Dari Hudzifah radhiyallahu 'anhu, bahwa beliau pernah melihat ada orang yang tidak menyempurnakan
rukuk dan sujud ketika shalat. Setelah selesai, ditegur oleh Hudzaifah, “Sudah berapa lama anda shalat
semacam ini?” Orang ini menjawab: “40 tahun.” Hudzaifah mengatakan: “Engkau tidak dihitung shalat
selama 40 tahun.” (karena shalatnya batal). Lanjut Hudzaifah:
“Jika kamu mati dan model shalatmu masih seperti ini, maka engkau mati bukan di atas fitrah (ajaran)
Muhammad shallallahu 'alaihi wa sallam.” (HR. Ahmad 23258, Bukhari 791, An-Nasai 1312, dan
yang lainnya)
Hadis ini berbicara tentang orang yang tidak sempurna dalam melakukan gerakan rukun dalam shalat.
Misalnya, orang yang rukuk, sebelum posisi rukuk sempurna, dia sudah bangkit. Atau orang yang belum
sempurna berdiri i’tidal (tubuh masih condong ke depan), dia sudah sujud.

Keenam, tidak menempelkan hidung ketika sujud


Secara umum, tata cara sujud yang benar telah disebutkan dalam hadis dari Ibnu Abbas bahwa Nabi shallallahu
'alaihi wa sallam bersabda:
“Aku diperintahkan untuk bersujud dengan bertumpu pada tujuh anggota badan: dahi –dan beliau
berisyarat dengan menyentuhkan tangan ke hidung beliau–, dua telapak tangan, dua lutut, dan ujung-ujung
dua kaki…” (HR. Bukhari 812 & Muslim 490)
Nabi shallallahu 'alaihi wa sallam juga mengingatkan agar orang yang sujud benar-benar menempelkan
hidungnya ke lantai. Beliau bersabda:
“Allah tidak menerima shalat bagi orang yang tidak menempelkan hidungnya ke tanah, sebagaimana dia
menempelkan dahinya ke tanah.” (HR. Abdurrazaq 2982, dan dishahihkan Al-Albani)
Hadis ini menunjukkan, menempelkan hidung ketika sujud hukumnya wajib.

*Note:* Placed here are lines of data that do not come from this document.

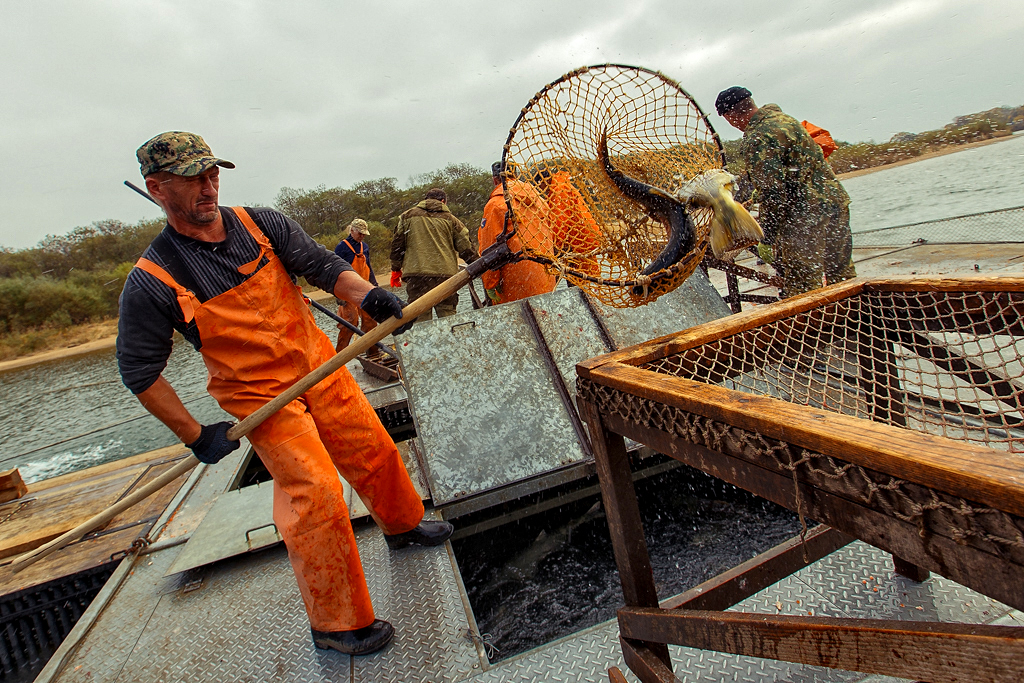 Созревших производителей после оглушения укладывают в специальные носилки. Фото: Фото: РИА PrimaMedia, Александр Хитров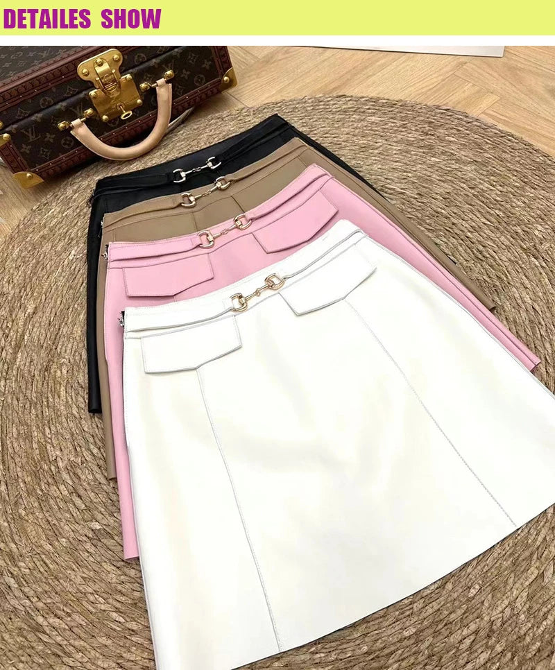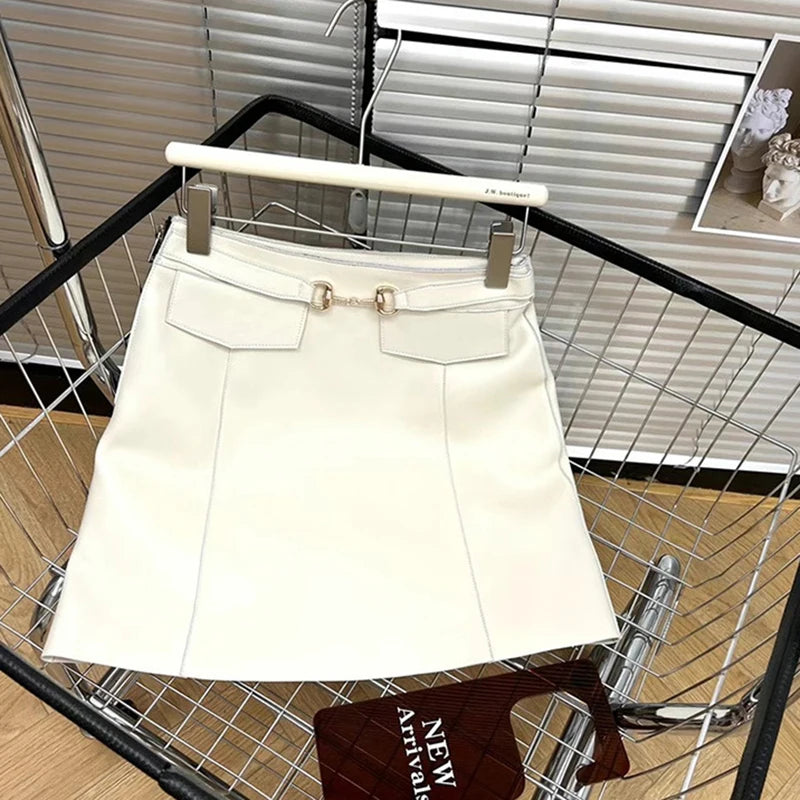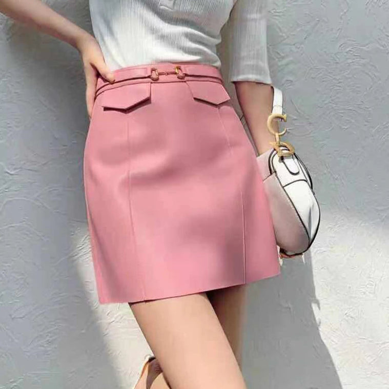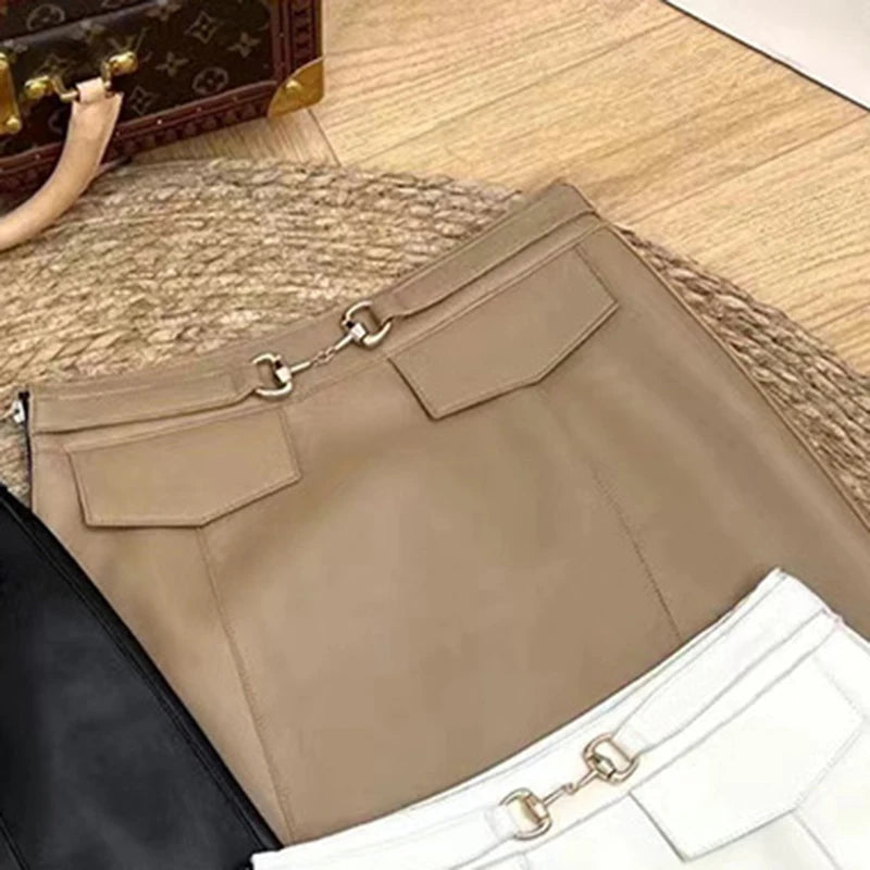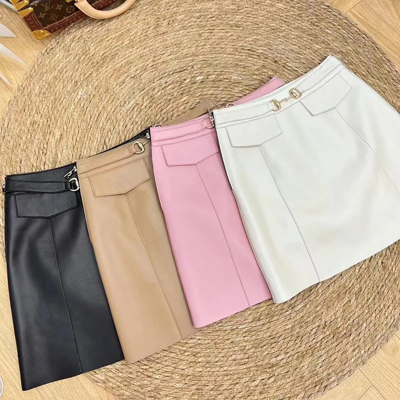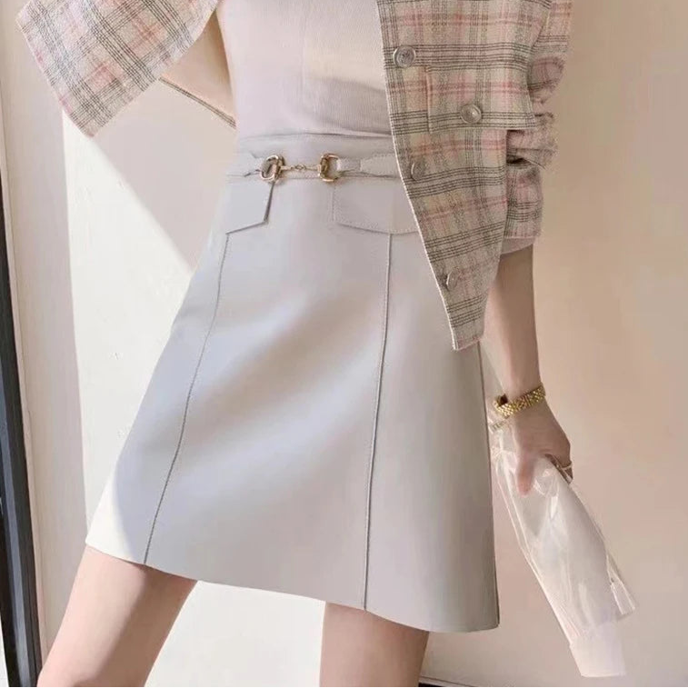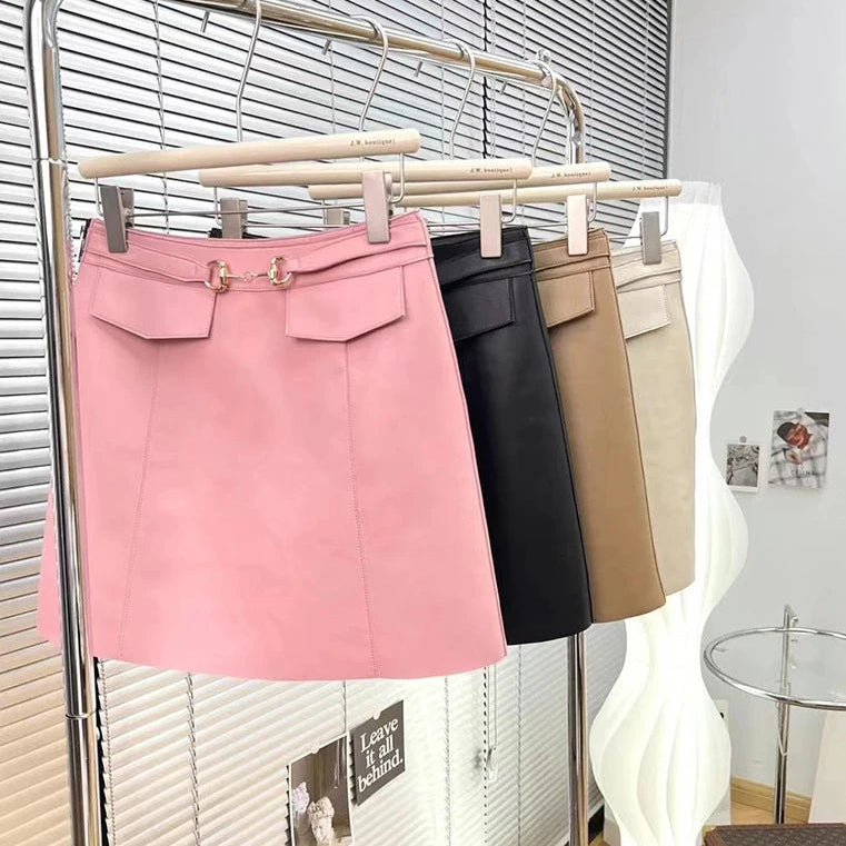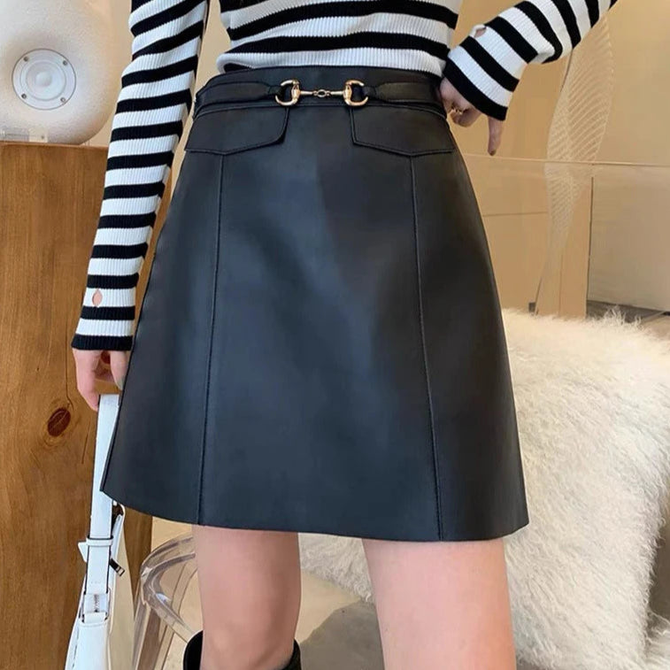 Women's Harajuku Fashion Sheepskin High Waist Wrap Hip A-line Mini Skirt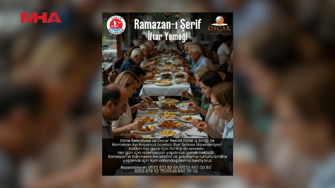 Girne Belediyesi ve Oscar Resort Hotel iş birliği ile Ramazan ayı süresince her akşam iftar sofrası kurulacak.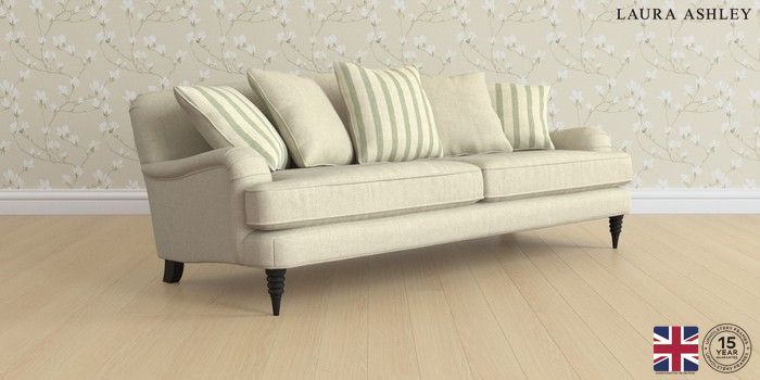6.12.1 Buy Lynden Scatter Back by Laura Ashley 4 Seater Sofa Kinsham Stripe Combo Natural and Hedgerow Green Ornate Turned - Black from the Next UK online shop Click here to use our accessible website
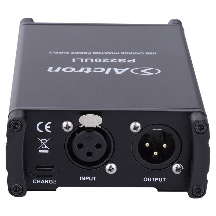 PS220ULI, 3.7V lityum ile çalışan bir USB 48V fantom güç kaynağıdır. PC USB konektörü, telefon şarj cihazı ve banka şarj cihazı ile şarj edilir. Çeşitli güç kaynağı PS220ULI'nin kullanımını kolaylaştırır. Profesyonel devre tasarımı, AC sinyalinin parazitini etkili bir şekilde filtreleyebilir ve harici ses ekipmanının parazit gürültüsünü koruyabilir. PS220ULI, yoğunlaştırıcı mikrofona saflık ve sabit fantom gücü sunar (veya diğer cihazların 48V fantom gücüne ihtiyacı vardır). Yerleşik hassasiyeti ve düşük kesme anahtarları, ortam gürültüsünü ve düşük frekanslı gürültüyü azaltır.

Ketujuh, menyibak rambut ketika sujud


Ibnu Abbas radhiyallahu ‘anhuma, bahwasanya Rasulullah shallallahu ‘alaihi wasallama bersabda :
“Aku diperintahkan oleh Nabi untuk bersujud dengan tujuh anggota badan. Dan melarang dari menahan
rambut serta pakaian” (HR. Bukhari 816 dan Muslim 490)
Pelajaran hadis:
1. Tidak boleh menyingkap rambut ketika sujud, meskipun tidak mengenakan peci, atau meskipun
rambutnya panjang. Sehingga rambut bisa ikut sujud.
2. Adanya beberapa helai rambut yang menutupi dahi ketika sujud, tidak membatalkan shalat.
Karena tidak dalil masalah ini, dan dzahir hadis di atas, adanya rambut yang menutupi dahi ketika
sujud, tidak mengurangi keabsahan shalat.
3. Tidak boleh melinting baju, dan ini hukumnya makruh sebagaimana disebutkan dalam hadis di
atas.
Kedelapan, membuka tangan ketika salam
Salam ke kanan, membuka tangan kanan, salam ke kiri dengan membuka tangan kiri. Kebiasaan ini pernah
dilakukan sebagian sahabat di zaman Nabi shallallahu 'alaihi wa sallam.
Dari Jabir bin Samurah radhiyallahu 'anhu,
”Ketika kami shalat bersama Rasulullah shallallahu 'alaihi wa sallam, kami mengucapkan ”Assalamu
alaikum wa rahmatullah - Assalamu alaikum wa rahmatullah” sambil berisyarat dengan kedua kanan ke
samping masing-masing. Kemudian Rasulullah shallallahu 'alaihi wa sallam mengingatkan,
”Mengapa kalian mengangkat tangan kalian, seperti keledai yang suka lari? Kalian cukup letakkan tangan
kalian di pahanya kemudian salam menoleh ke saudaranya yang di samping kanan dan kirinya.” (HR.
Muslim 430, Nasai 1185, dan yang lainnya).